注:比赛所用到的数据取自于 IBM Watson Analytics 分析平台分享的样例数据。我们只选取了其中的子集,并对数据做了一些预处理使数据更加符合逻辑回归分析比赛的要求。
import warnings
warnings.filterwarnings("ignore")
import random
import numpy as np
import pandas as pd
from imblearn.over_sampling import SMOTE
from category_encoders import OrdinalEncoder, BinaryEncoder
from sklearn.decomposition import PCA
from sklearn.preprocessing import StandardScaler
from sklearn.model_selection import GridSearchCV
from sklearn.feature_selection import VarianceThreshold
from sklearn.ensemble import StackingClassifier
from xgboost import XGBClassifier
from lightgbm import LGBMClassifier
from catboost import CatBoostClassifier
seed = 1
random.seed(seed)
np.random.seed(seed)
# 加载数据
df = pd.read_csv("./employee_leave/train.csv", index_col=0)

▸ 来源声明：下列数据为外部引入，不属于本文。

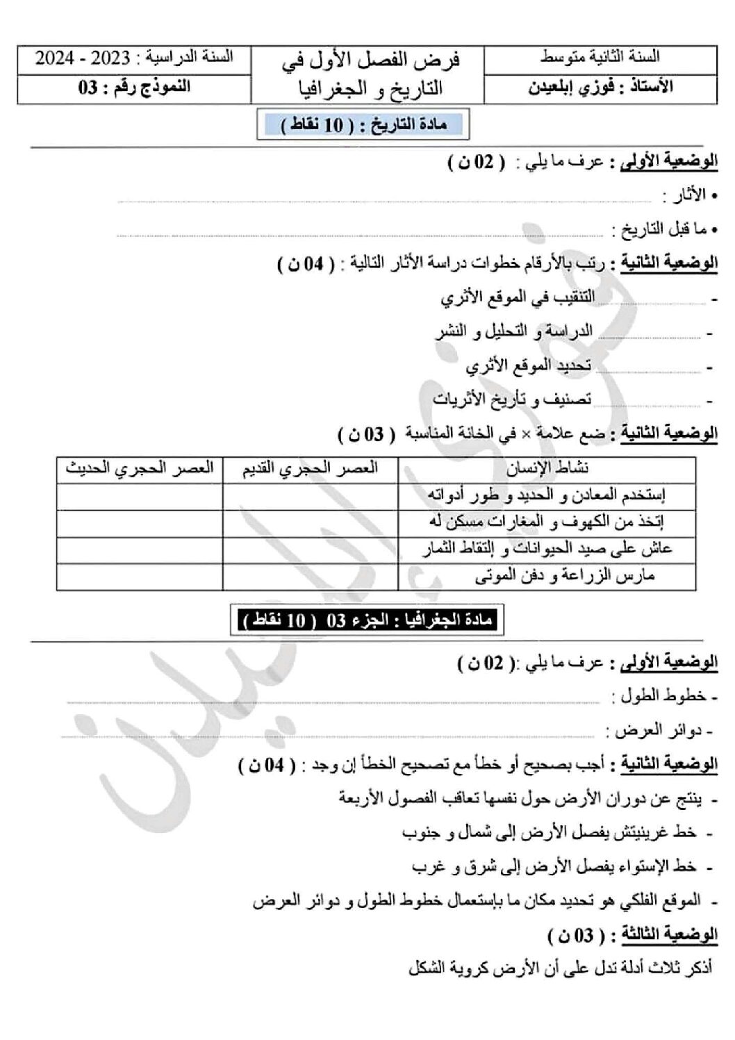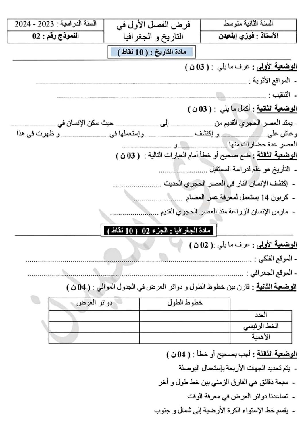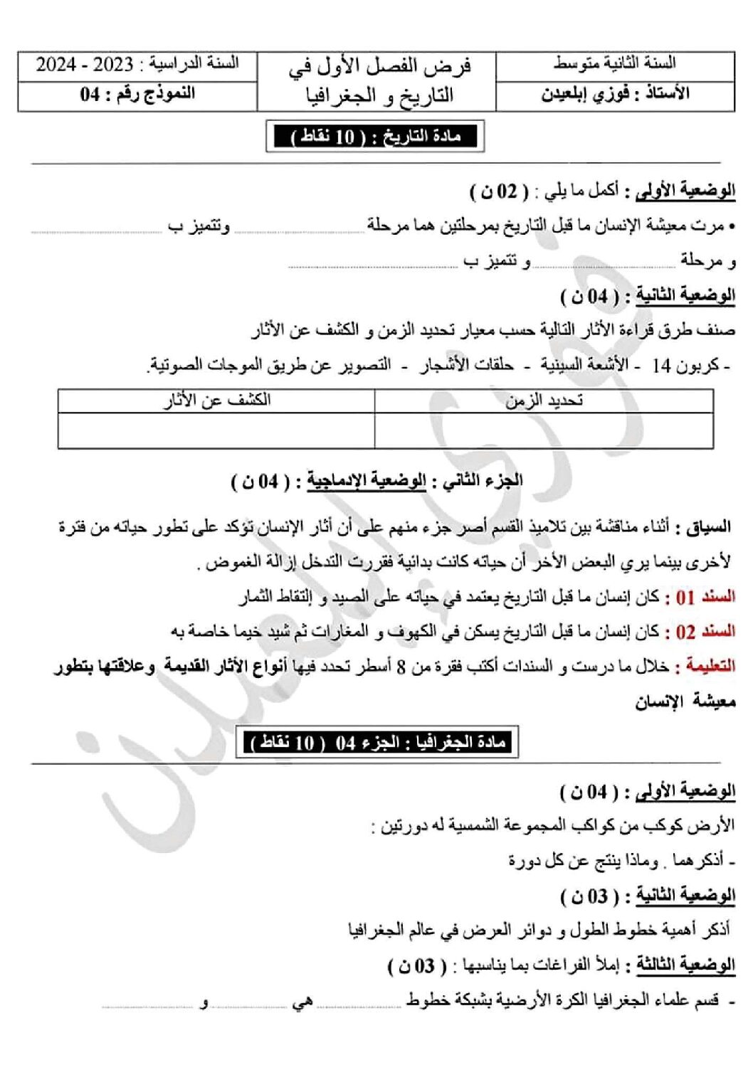 أكمل القراءة »فرض في التاريخ والجغرافيا الفصل الأول السنة الأولى متوسط رقم 34 مع التصحيح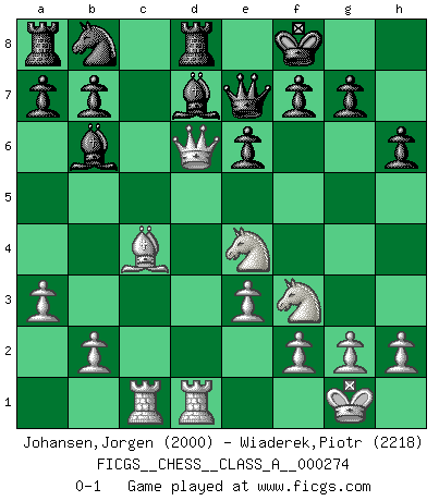 Last move : 0-1 2024 January 28 0:58:22 [Event "FICGS__CHESS__CLASS_A__000274"] [Site "FICGS"] [Date "2023.10.18"] [Round "1"] [White "Johansen,Jorgen"] [Black "Wiaderek,Piotr"] [Result "0-1"] [WhiteElo "2000"] [BlackElo "2218"] 1.d4 Nf6 2.c4 e6 3.Nf3 d5 4.Nc3 Bb4 5.Bg5 h6 6.Bxf6 Qxf6 7.e3 O-O 8.Rc1 dxc4 9.Bxc4 c5 10.O-O cxd4 11.Ne4 Qe7 12.a3 Ba5 13.Qxd4 Rd8 14.Qe5 Bb6 15.Rfd1 Bd7 16.Qd6 Kf8 0-1 This chess game has been lost on time (started : 2023.10.18 7:51:55) Follow this game move after move (download)Robert Fischer is a law unto himself. (Larry Evans) Ich suche im Schach immer etwas Eigenes. Riskantes Spiel im Stile schachlicher Musketiere ist nicht meine Sache, auch wenn es vielen Freunden scharfer Wendungen gefällt. (Anatoly Karpov) Coloca el contenido de las piezas del Ajedrez en un sombrero, agitalo vigorosamente, arrojalas en un tablero desde una altura de 30 centimetros y así obtendras el estilo de Steinitz. (H. E. Bird) Fischer est le meilleur joueur du monde et Karpov n'est qu'un joueur de bistrot. (Garry Kasparov, agé de 16 ans) This is where the fun begins. (Anakin Skywalker in Star Wars ep.3)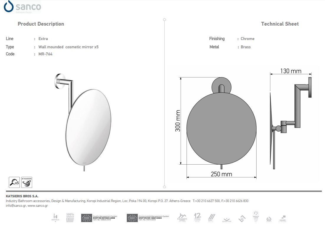 Καθρέπτης Μεγεθυντικός Επιτοίχιος Ø25 εκ. Χρωμέ Μεγέθυνση *5 Sanco Mirrors MR-764-Α03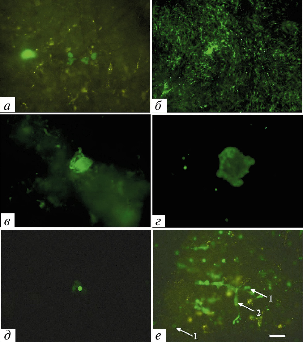 Рис. 2. Химеризация печени и селезенки с дифференцировкой донорских клеток: а – GFP+-клетки неправильной формы и треугольные в печени через 1 сут после аллогенной ТКМ; б – GFP+-структуры из клеток Ито в печени в виде вихрей, колец и лучей через 35 сут после аллогенной ТКМ; в, г – GFP+-мегакариоцит в печени и селезенке соответственно через 55 сут после аллогенной ТКМ; д – гепатоцит донорского происхождения через 35 сут после сингенной ТКМ; е – GFP+-гепатоциты (1) рядом с GFP+-клеткой Ито донорского происхождения (2) через 28 сут после аллогенной ТКМ. Масштабная линейка: 50 мкм. Ув. об.: 40× (а, в–е), 10× (б).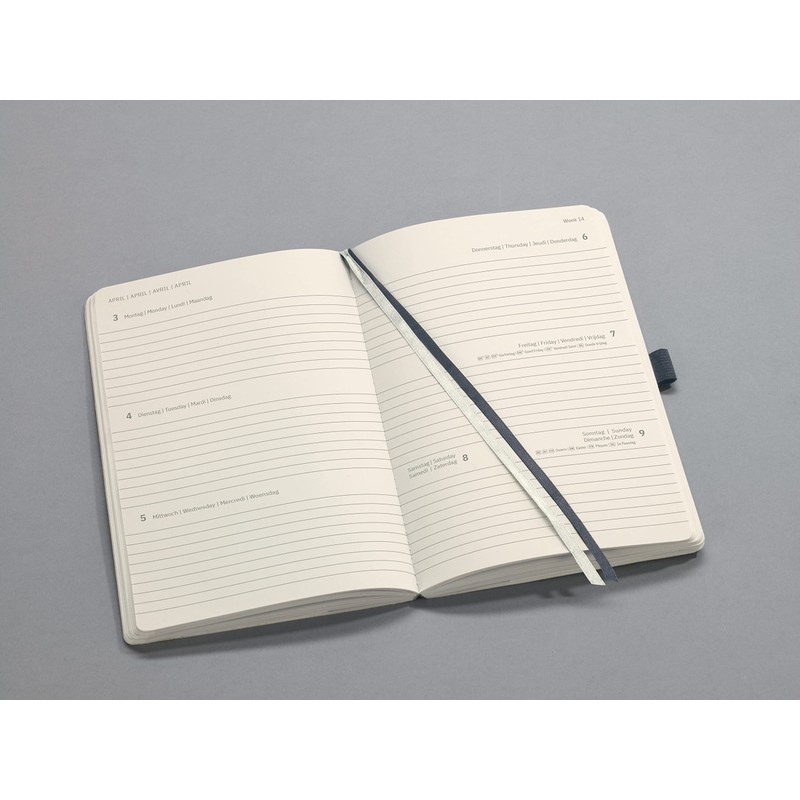 - Chamois-coloured paper (80 gsm, PEFC-certified), printed in classy grey : monthly and annual overview, public holidays (D/AT/CH/UK/FR/BE/NL), overview of school holidays (DE/AT/CH/NL), units of measurement (EU/UK/US), a map of international time zones : elastic fastener, pen loop, quick pocket, archive pocket,two ribbon markers

X_test = pd.read_csv("./employee_leave/test_noLabel.csv", index_col=0)
X = df.drop(columns="Label")
y = df["Label"].copy()
# 数据是否缺失
print(df.isnull().sum().sum(), X_test.isnull().sum().sum())
# 输出:0 0
# 样本标签是否均衡
y.value_counts()
# 输出:
# Label
# 0 922
# 1 178
# Name: count, dtype: int64
# 类别特征
cat_cols = set(X.select_dtypes(include="object").columns)
print(cat_cols)
# 输出:{'BusinessTravel', 'MaritalStatus', 'OverTime', 'JobRole', 'Over18', 'Department', 'EducationField', 'Gender'}
# 对 BusinessTravel 进行顺序编码
encoder_map = {"Non-Travel": 0, "Travel_Rarely": 1, "Travel_Frequently": 2}
X["BusinessTravel"] = X["BusinessTravel"].map(encoder_map)
X_test["BusinessTravel"] = X_test["BusinessTravel"].map(encoder_map)

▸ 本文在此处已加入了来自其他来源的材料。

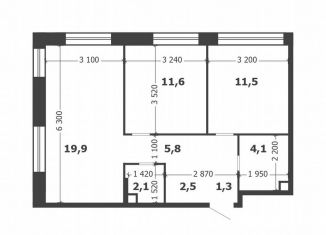 Общая площадь: 57.3 м2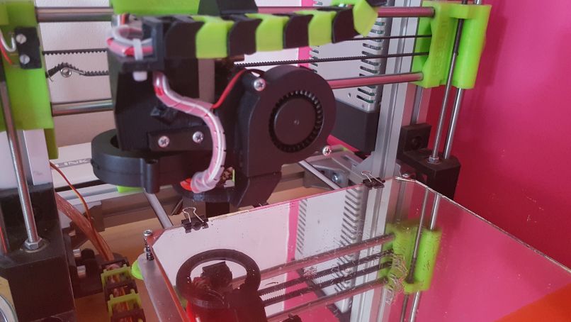 Trochu jsem si upravil ofuk hotendu RebelMOD z původního větráčku 30x30mm pro radiální ventilátor. Zespoda na větrák se dá krásně přilepit LED světlo palaralně připojené k větráku (fouká svítí / nefouká nesvítí) :-)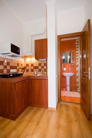 Оборудованная кухня: єлектрическая плита, єлектрический чайник, посуда, холодильник.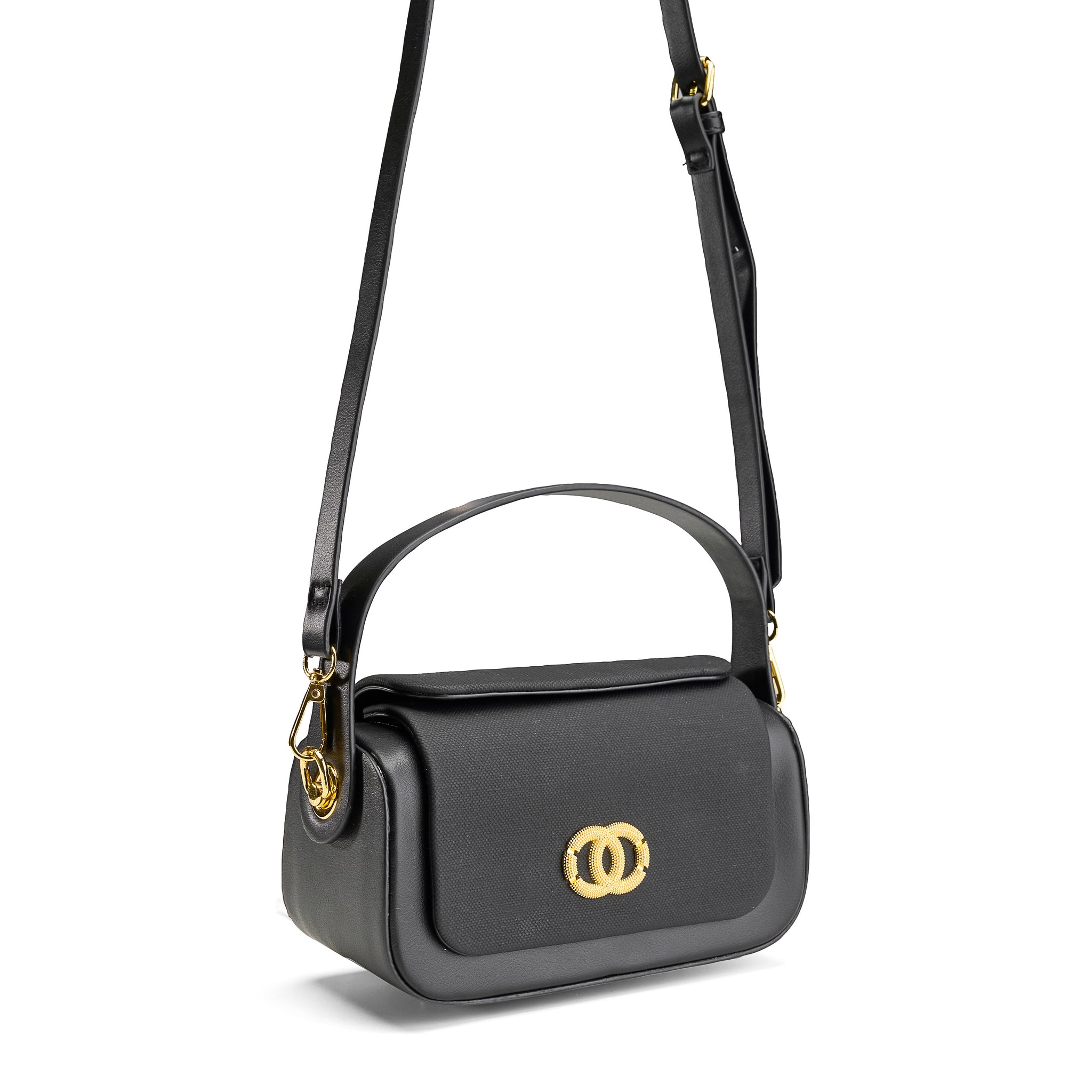 This black flap-over bag combines smooth and textured surfaces for a fun twist on everyday style. Its playful design adds character to any outfit while keeping your essentials close and secure. Perfect for those who love a little flair with their functionality!

# 对性别、是否加班、年龄是否超过 18 岁进行顺序编码
ord_cols = {"Gender", "OverTime", "Over18"}
encoder = OrdinalEncoder(cols=ord_cols)
X = encoder.fit_transform(X)
X_test = encoder.transform(X_test)
# 对其他类别特征进行二进制编码
bin_cols = cat_cols - ord_cols - {"BusinessTravel"}
encoder = BinaryEncoder(cols=bin_cols)
X = encoder.fit_transform(X)
X_test = encoder.transform(X_test)
# 特征衍生
pass
# 数据标准化
scaler = StandardScaler()
X = pd.DataFrame(scaler.fit_transform(X), index=X.index)
X_test = pd.DataFrame(scaler.transform(X_test), index=X_test.index)
# 数据降维
pca = PCA(n_components=0.95)
X = pd.DataFrame(pca.fit_transform(X), index=X.index)
X_test = pd.DataFrame(pca.transform(X_test), index=X_test.index)
# 特征选择
selector = VarianceThreshold(threshold=0.01).fit(X)
X = pd.DataFrame(selector.transform(X), index=X.index)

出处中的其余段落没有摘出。